Abstracts of LBT-related
contributions at the Meeting
Conference 4837: Large Ground-Based Telescopes
[4837-15] The Large Binocular Telescope Project
J. M. Hill, The University of Arizona
Piero Salinari, Osservatorio Astrofisico di Arcetri
Abstract:
The Large Binocular Telescope (LBT) Project is a collaboration between
institutions in Arizona, Germany, Italy, and Ohio. The first of two 8.4-meter
borosilicate honeycomb primary mirrors for LBT is being polished at the Steward
Observatory Mirror Lab this year. The second of the two 8.4-meter mirror blanks
waits its turn in the polishing queue. The baseline optical configuration of LBT
includes adaptive infrared secondaries of a Gregorian design. The F/15
secondaries are undersized to provide a low thermal background focal plane which
is unvignetted over a 4-arcminute diameter field-of-view. These adaptive
secondary mirrors with 672 voice-coil actuators are now in the early stages of
fabrication. The interferometric focus combining the light from the two
8.4-meter primaries will reimage the two folded Gregorian focal planes to three
central locations for phased array imaging.
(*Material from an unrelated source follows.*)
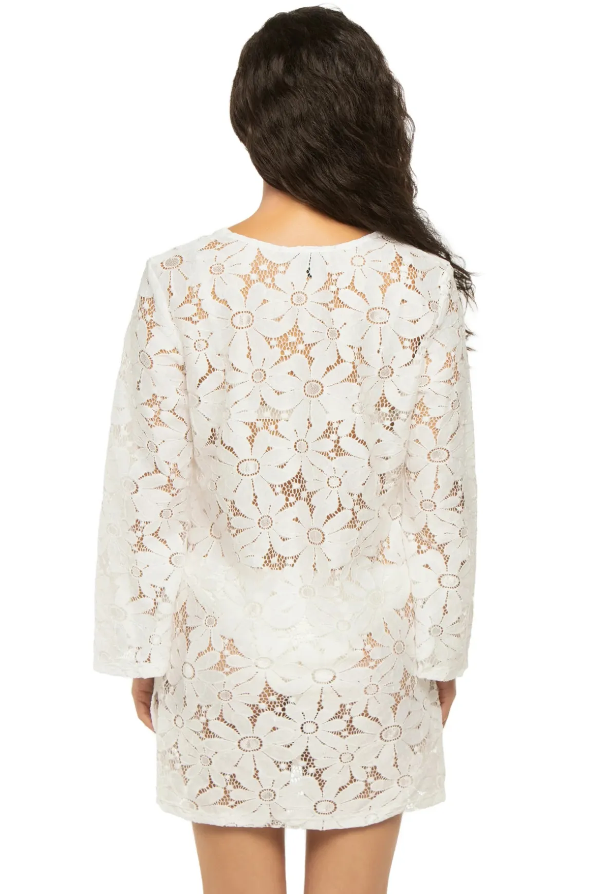 Tunic features floral crochet, a scoop neck and long bell sleeves.
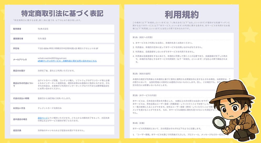インターネット異性紹介事業の届出もあり、運営情報も一応は整っていたよ。

The telescope elevation structure
accommodates swing arm spiders which allow rapid interchange of the various
secondary and tertiary mirrors as well as prime focus cameras. The telescope
structure accommodates installation of a vacuum bell jar for aluminizing the
primary mirrors in-situ on the telescope. The telescope structure was fabricated
and pre-assembled in Italy by Ansaldo-Camozzi in Milan. The structure was
disassembled, packed and shipped to Arizona. The enclosure was built on Mt.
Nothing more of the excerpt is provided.